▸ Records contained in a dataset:
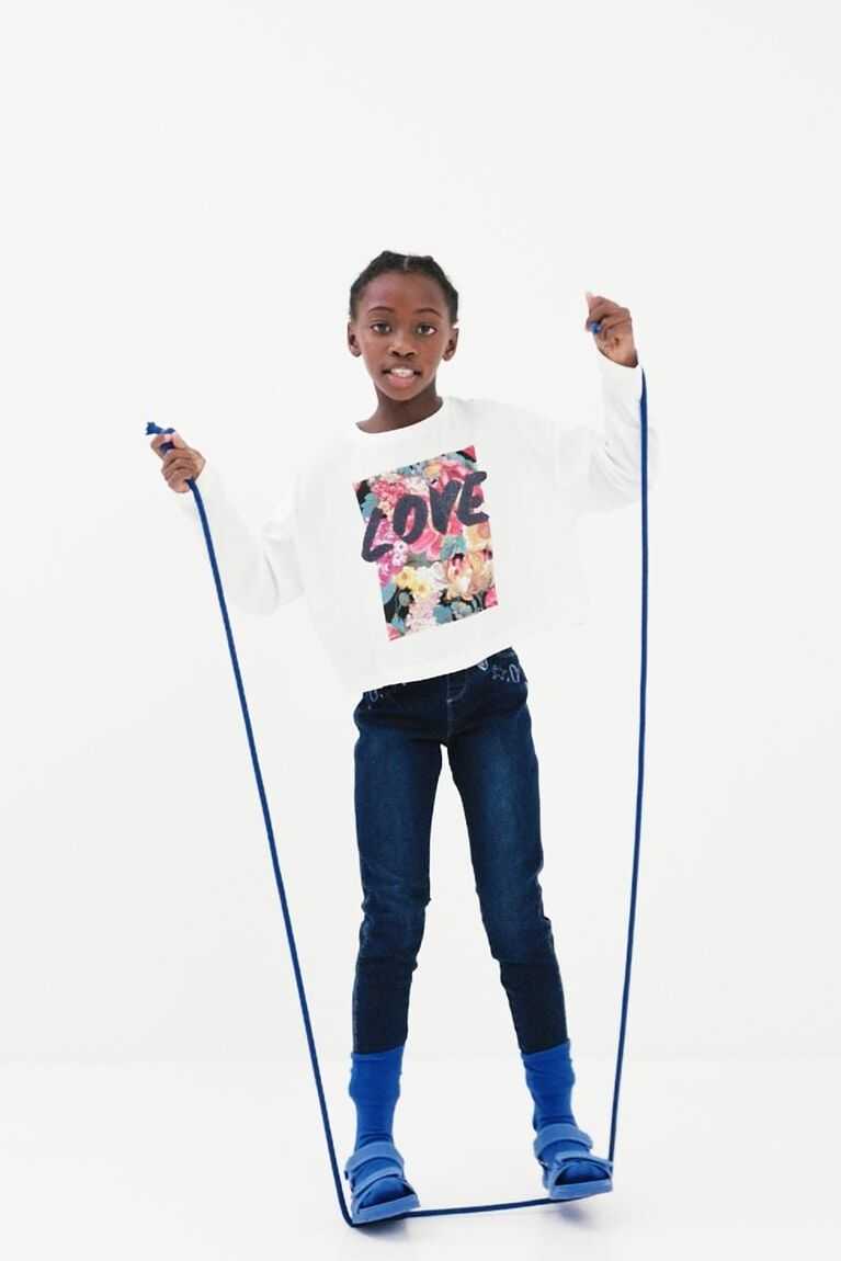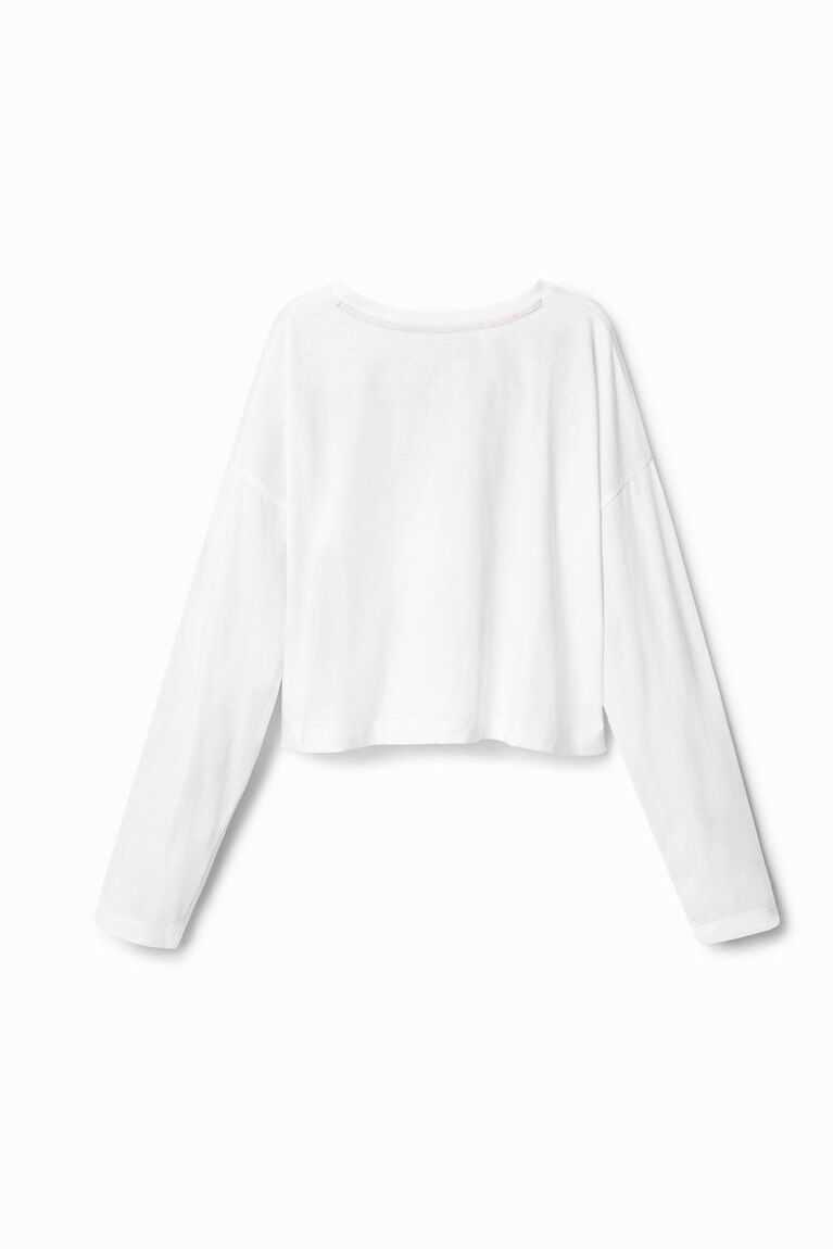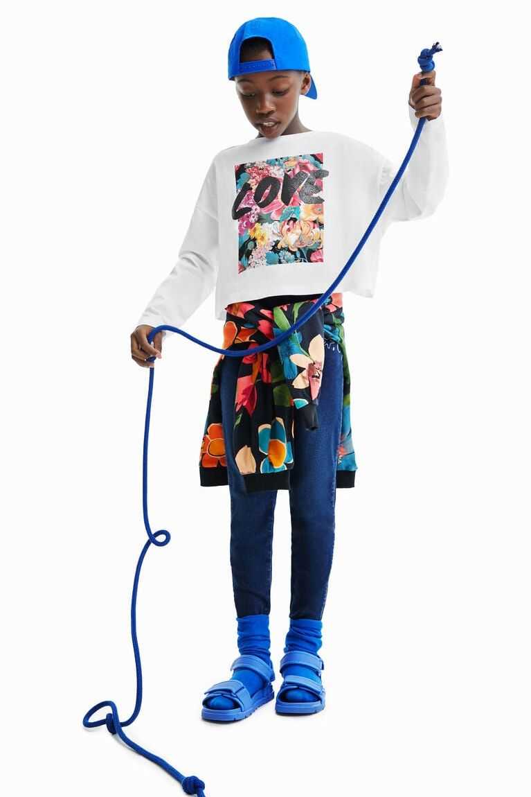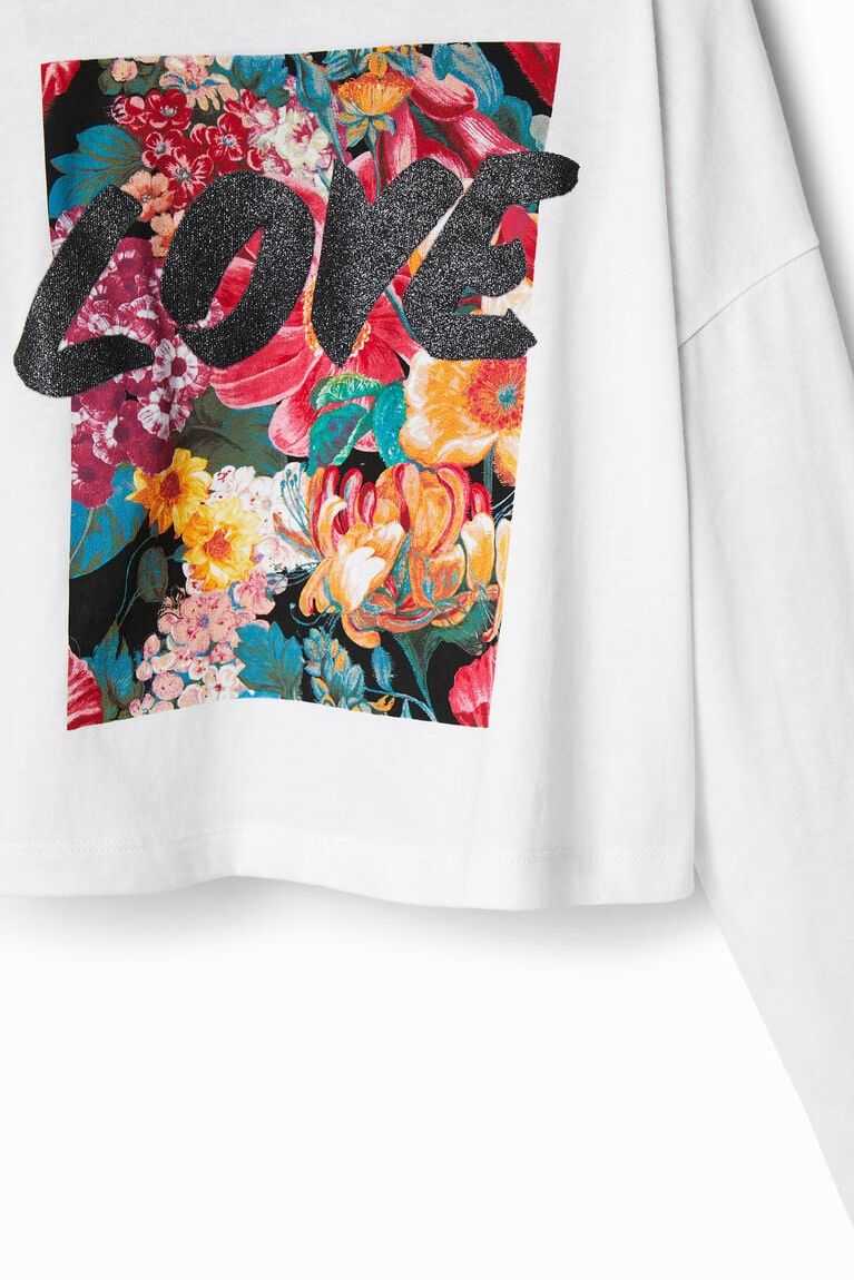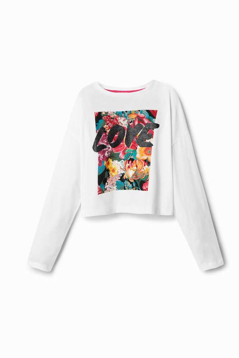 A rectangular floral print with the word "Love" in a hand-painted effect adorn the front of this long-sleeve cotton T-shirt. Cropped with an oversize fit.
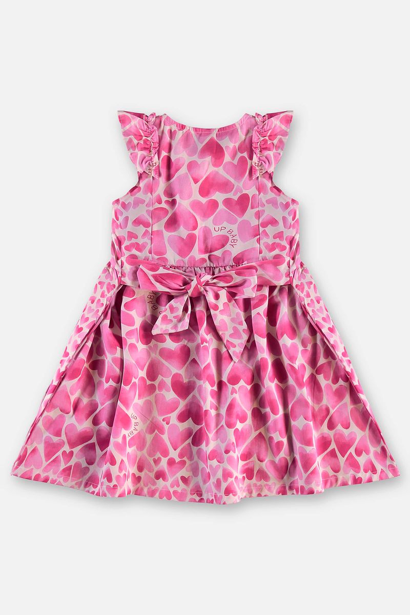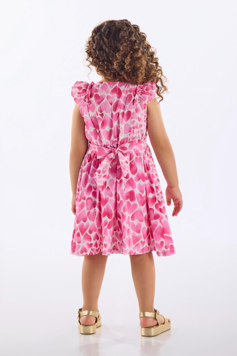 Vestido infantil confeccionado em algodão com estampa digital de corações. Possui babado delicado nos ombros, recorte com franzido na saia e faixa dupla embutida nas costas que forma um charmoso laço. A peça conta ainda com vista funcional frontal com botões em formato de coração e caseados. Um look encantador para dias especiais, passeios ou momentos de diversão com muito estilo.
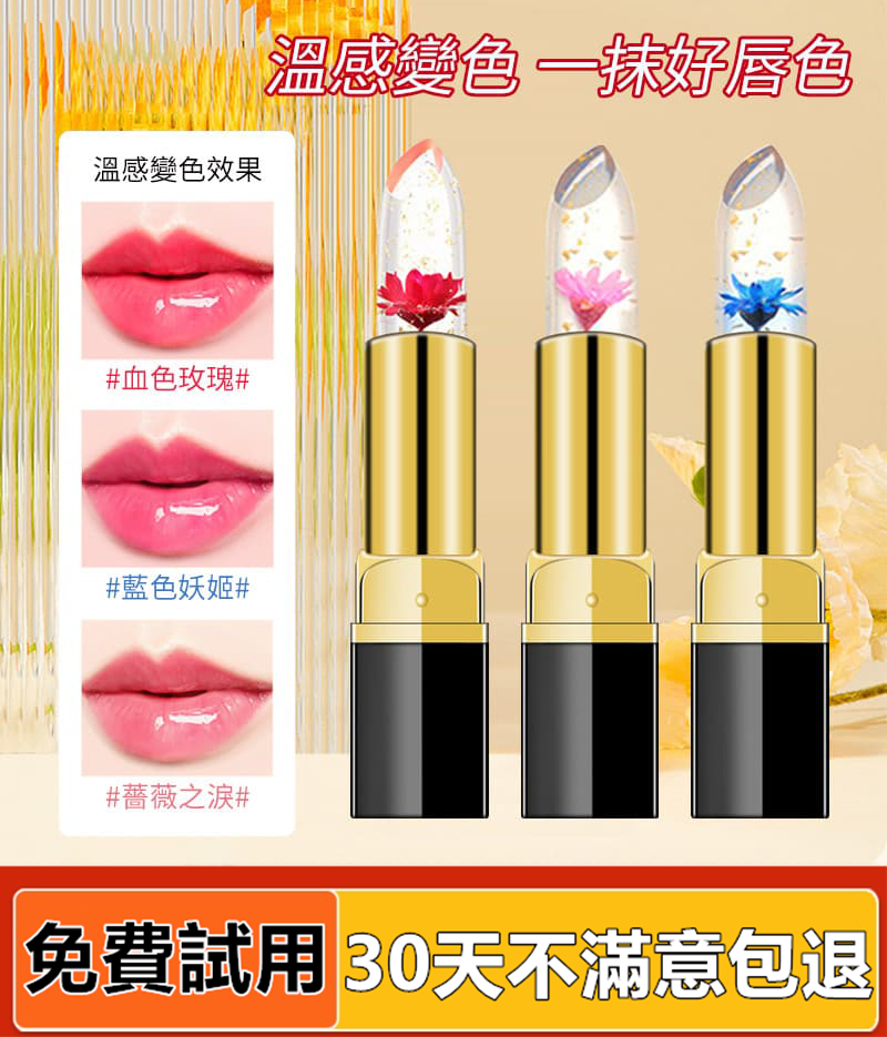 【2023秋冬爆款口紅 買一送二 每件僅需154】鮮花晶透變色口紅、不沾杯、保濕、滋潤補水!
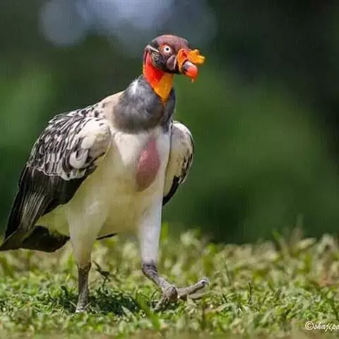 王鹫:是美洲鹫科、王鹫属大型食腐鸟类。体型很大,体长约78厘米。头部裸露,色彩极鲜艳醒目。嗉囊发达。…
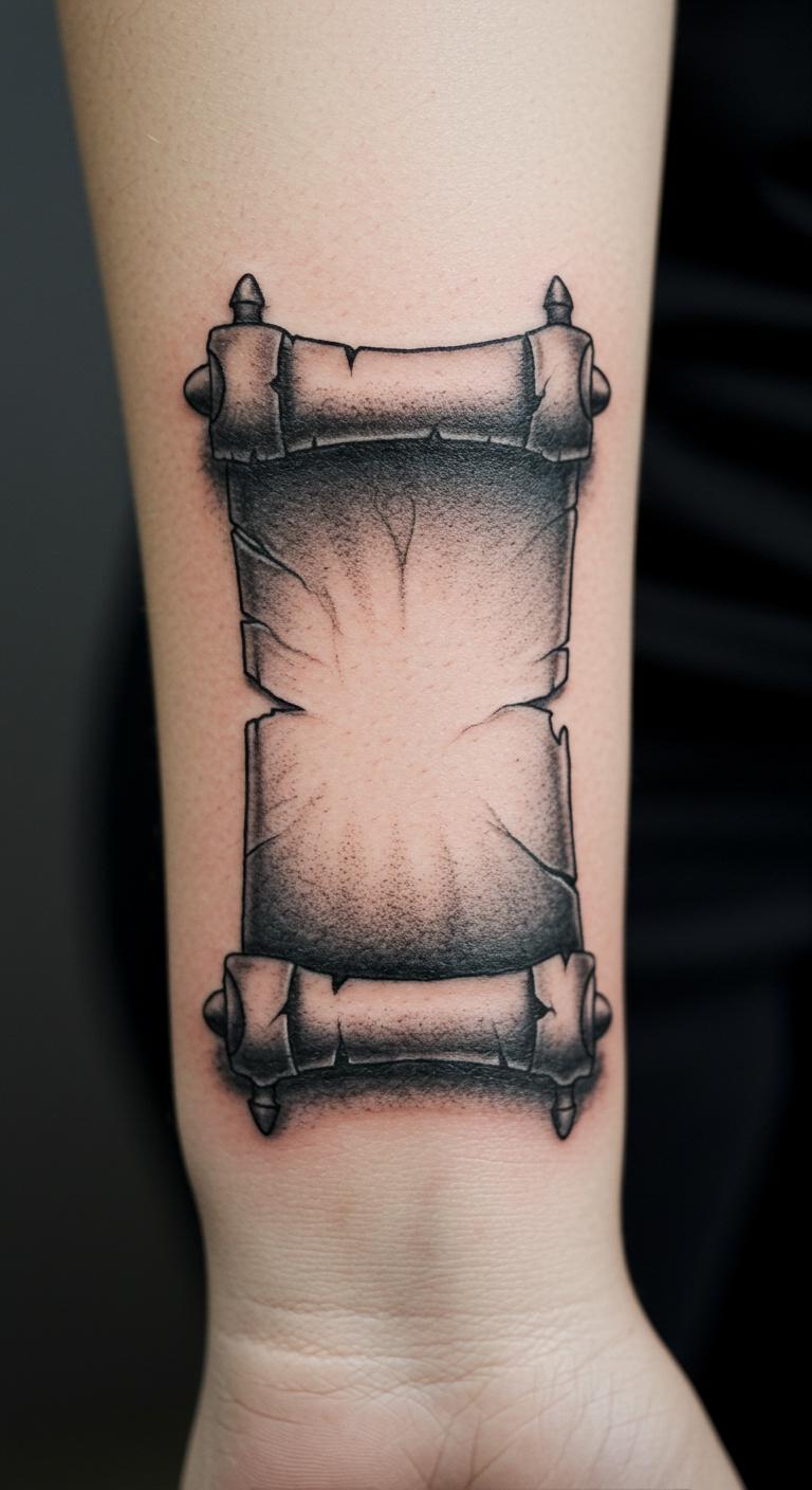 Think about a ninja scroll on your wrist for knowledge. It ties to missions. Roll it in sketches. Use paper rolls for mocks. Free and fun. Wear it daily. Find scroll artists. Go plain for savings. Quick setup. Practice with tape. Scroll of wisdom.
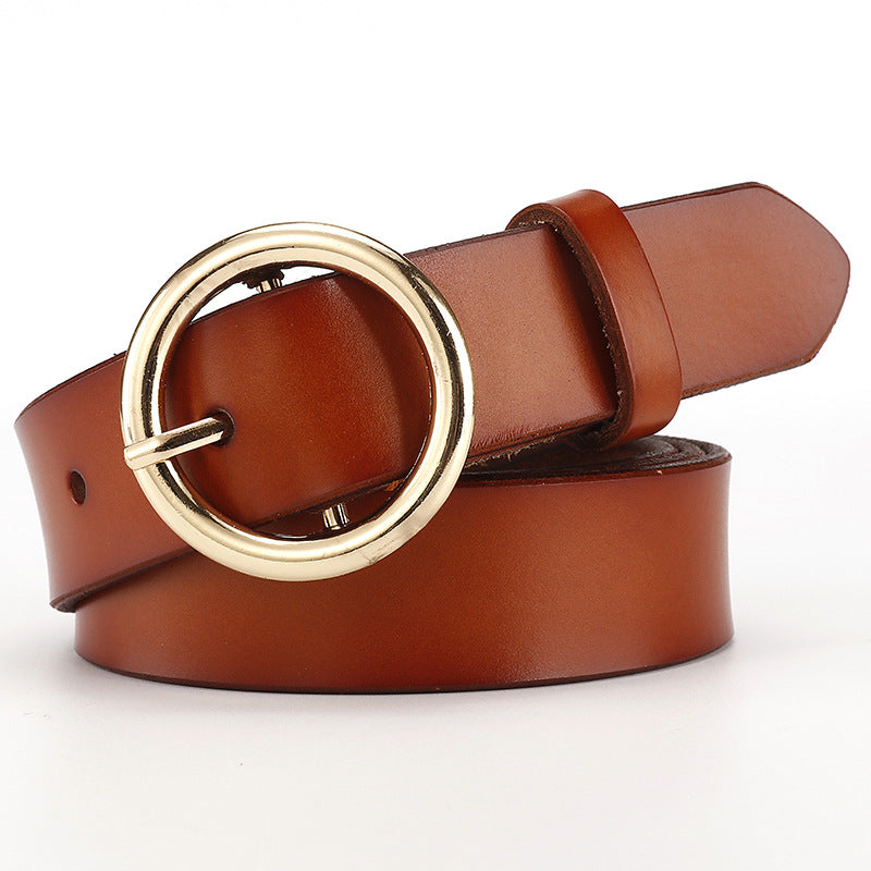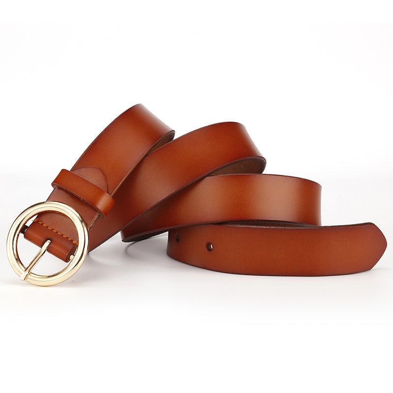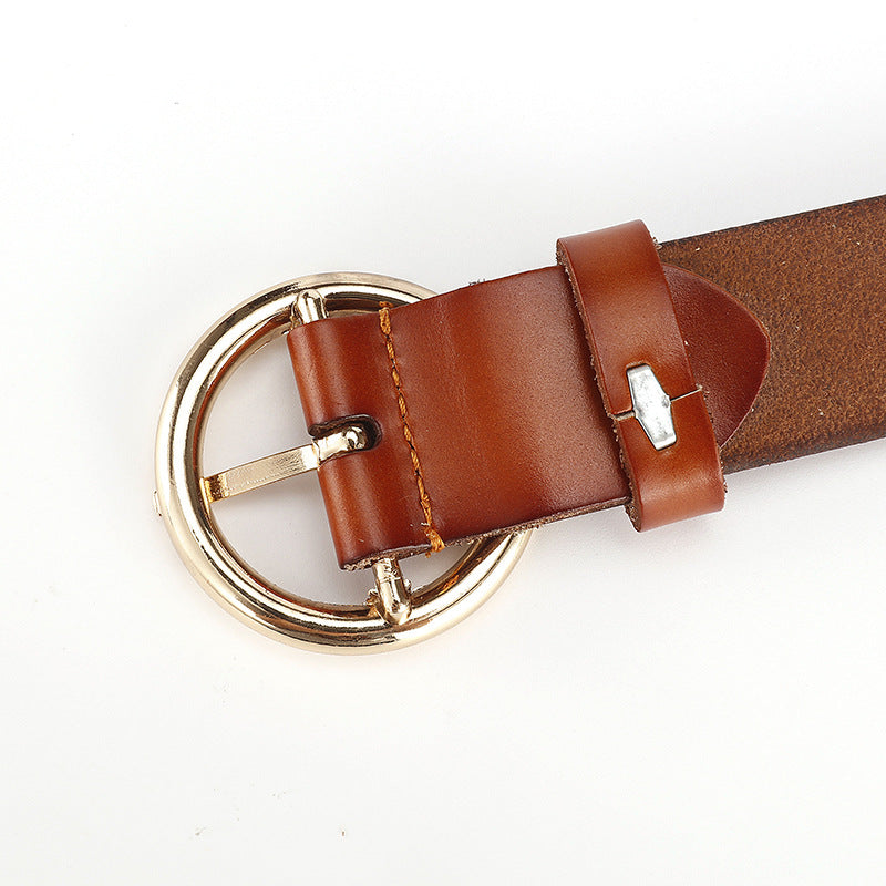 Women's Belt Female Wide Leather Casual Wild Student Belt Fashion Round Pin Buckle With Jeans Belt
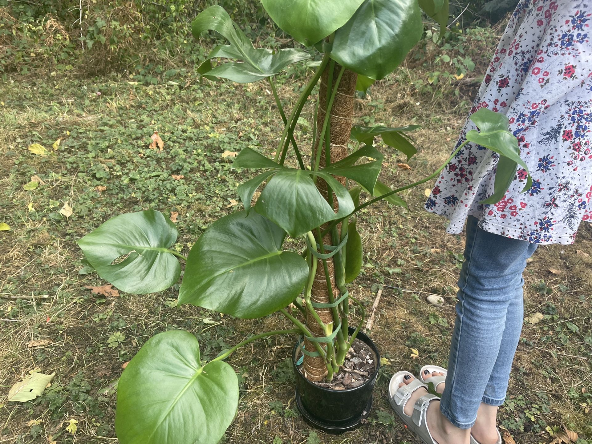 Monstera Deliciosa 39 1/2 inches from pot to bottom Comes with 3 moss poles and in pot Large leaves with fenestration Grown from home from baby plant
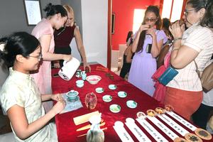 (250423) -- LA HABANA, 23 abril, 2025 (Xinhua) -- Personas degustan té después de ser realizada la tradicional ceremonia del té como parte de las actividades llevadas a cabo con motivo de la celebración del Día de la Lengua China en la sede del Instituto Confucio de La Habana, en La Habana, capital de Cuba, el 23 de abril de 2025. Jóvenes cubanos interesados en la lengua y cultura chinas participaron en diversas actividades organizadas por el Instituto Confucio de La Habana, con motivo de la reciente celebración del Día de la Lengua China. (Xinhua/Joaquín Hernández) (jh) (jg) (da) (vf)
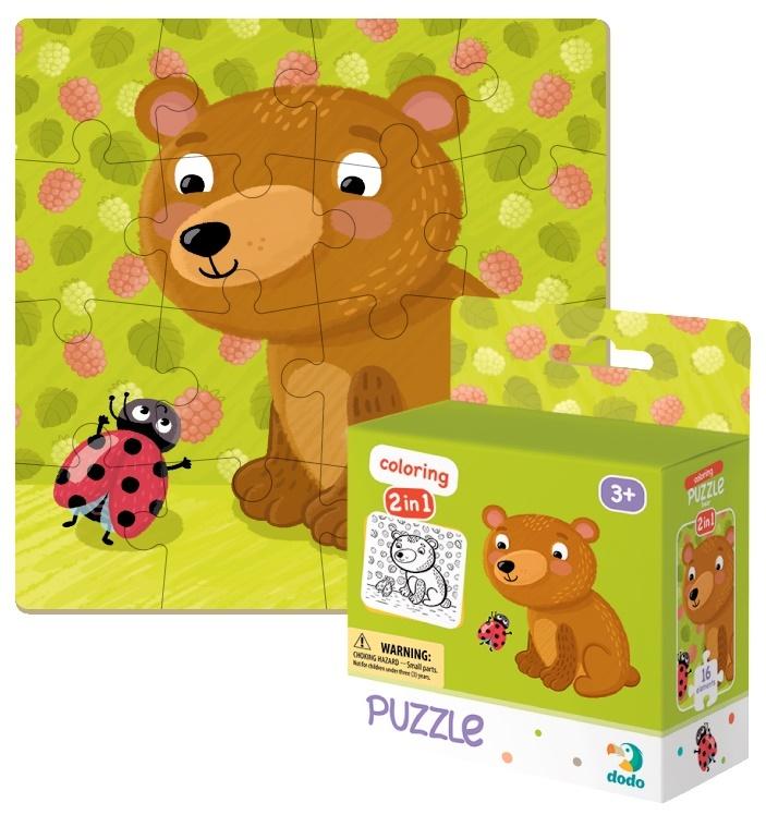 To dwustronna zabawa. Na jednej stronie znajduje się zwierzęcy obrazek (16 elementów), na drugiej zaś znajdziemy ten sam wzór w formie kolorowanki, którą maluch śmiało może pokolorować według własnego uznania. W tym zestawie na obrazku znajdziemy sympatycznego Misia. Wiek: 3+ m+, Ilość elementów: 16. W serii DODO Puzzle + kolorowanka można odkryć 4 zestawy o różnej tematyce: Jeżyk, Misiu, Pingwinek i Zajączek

▸ WHAT TO PRODUCE: Repeat the entries faithfully. Any picture gets left out.

▸ ANSWER SECTION:
 A rectangular floral print with the word "Love" in a hand-painted effect adorn the front of this long-sleeve cotton T-shirt. Cropped with an oversize fit.
 Vestido infantil confeccionado em algodão com estampa digital de corações. Possui babado delicado nos ombros, recorte com franzido na saia e faixa dupla embutida nas costas que forma um charmoso laço. A peça conta ainda com vista funcional frontal com botões em formato de coração e caseados. Um look encantador para dias especiais, passeios ou momentos de diversão com muito estilo.
 【2023秋冬爆款口紅 買一送二 每件僅需154】鮮花晶透變色口紅、不沾杯、保濕、滋潤補水!
 王鹫:是美洲鹫科、王鹫属大型食腐鸟类。体型很大,体长约78厘米。头部裸露,色彩极鲜艳醒目。嗉囊发达。…
 Think about a ninja scroll on your wrist for knowledge. It ties to missions. Roll it in sketches. Use paper rolls for mocks. Free and fun. Wear it daily. Find scroll artists. Go plain for savings. Quick setup. Practice with tape. Scroll of wisdom.
 Women's Belt Female Wide Leather Casual Wild Student Belt Fashion Round Pin Buckle With Jeans Belt
 Monstera Deliciosa 39 1/2 inches from pot to bottom Comes with 3 moss poles and in pot Large leaves with fenestration Grown from home from baby plant
 (250423) -- LA HABANA, 23 abril, 2025 (Xinhua) -- Personas degustan té después de ser realizada la tradicional ceremonia del té como parte de las actividades llevadas a cabo con motivo de la celebración del Día de la Lengua China en la sede del Instituto Confucio de La Habana, en La Habana, capital de Cuba, el 23 de abril de 2025. Jóvenes cubanos interesados en la lengua y cultura chinas participaron en diversas actividades organizadas por el Instituto Confucio de La Habana, con motivo de la reciente celebración del Día de la Lengua China. (Xinhua/Joaquín Hernández) (jh) (jg) (da) (vf)
 To dwustronna zabawa. Na jednej stronie znajduje się zwierzęcy obrazek (16 elementów), na drugiej zaś znajdziemy ten sam wzór w formie kolorowanki, którą maluch śmiało może pokolorować według własnego uznania. W tym zestawie na obrazku znajdziemy sympatycznego Misia. Wiek: 3+ m+, Ilość elementów: 16. W serii DODO Puzzle + kolorowanka można odkryć 4 zestawy o różnej tematyce: Jeżyk, Misiu, Pingwinek i Zajączek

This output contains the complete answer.